• _Data segment_
■ ■ ■

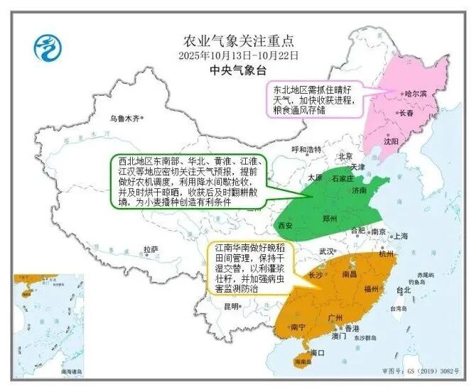 南方地區應抓住有利天氣及時收曬水稻、棉花等作物;做好晚稻田間管理,保持乾濕交替,以利灌漿壯籽,並加強病蟲害監測防治;已收穫地區及時騰茬整地,搶抓階段性降水趁墒播種油菜等作物,江西、湖南等地需做好防旱抗旱準備,造墒推進秋種工作。
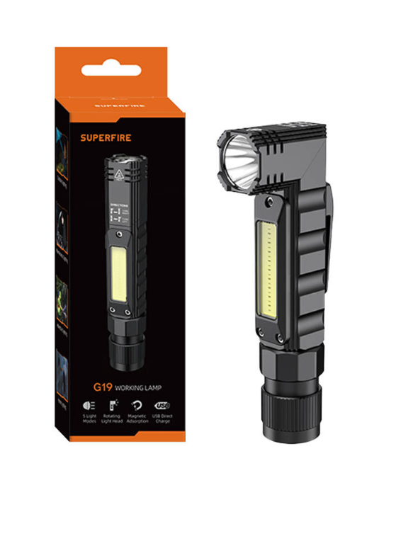 Функциональный фонарик Superfire G19 отличается высокой яркостью благодаря 200 люменам, дальности освещения 200 метров и аккумулятору емкостью 800 мач. Благодаря 5 режимам освещения и возможности использовать его по-разному, вы можете легко настроить его в соответствии со своими потребностями. Его небольшой вес (104 г) и компактные размеры делают использование его функциональности легким и приятным. Дополнительная лампа COB, расположенная сбоку, открывает еще больше возможностей.
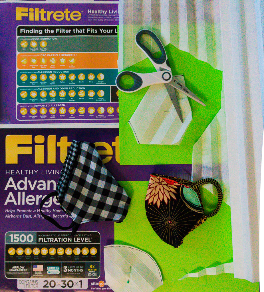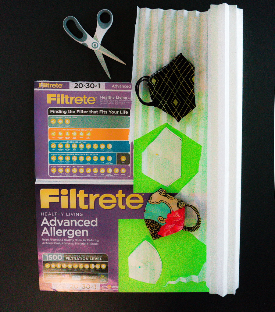 Readily available filter material can be purchased at any of the big box and home improvement stores. Look for an air conditioning filter with a high filtration number, and search for virus filtering capabilities in the description. It is fairly simple to remove the pleated filter material from it’s cardboard frame and wire screen. What remains, when the pleats are flattened, is fortunately much larger than the given dimensions. Filters are typically rated for 90 days of use, and numerous mask filters can be cut from a single AC filtration unit. Furthermore, buying a replacement unit with larger dimensions makes these virus-blocking filters an even better value.

■ ■ ■

• _What to produce_
Drop the pictures and give every line above again exactly.

• _Task result_
 南方地區應抓住有利天氣及時收曬水稻、棉花等作物;做好晚稻田間管理,保持乾濕交替,以利灌漿壯籽,並加強病蟲害監測防治;已收穫地區及時騰茬整地,搶抓階段性降水趁墒播種油菜等作物,江西、湖南等地需做好防旱抗旱準備,造墒推進秋種工作。
 Функциональный фонарик Superfire G19 отличается высокой яркостью благодаря 200 люменам, дальности освещения 200 метров и аккумулятору емкостью 800 мач. Благодаря 5 режимам освещения и возможности использовать его по-разному, вы можете легко настроить его в соответствии со своими потребностями. Его небольшой вес (104 г) и компактные размеры делают использование его функциональности легким и приятным. Дополнительная лампа COB, расположенная сбоку, открывает еще больше возможностей.
 Readily available filter material can be purchased at any of the big box and home improvement stores. Look for an air conditioning filter with a high filtration number, and search for virus filtering capabilities in the description. It is fairly simple to remove the pleated filter material from it’s cardboard frame and wire screen. What remains, when the pleats are flattened, is fortunately much larger than the given dimensions. Filters are typically rated for 90 days of use, and numerous mask filters can be cut from a single AC filtration unit. Furthermore, buying a replacement unit with larger dimensions makes these virus-blocking filters an even better value.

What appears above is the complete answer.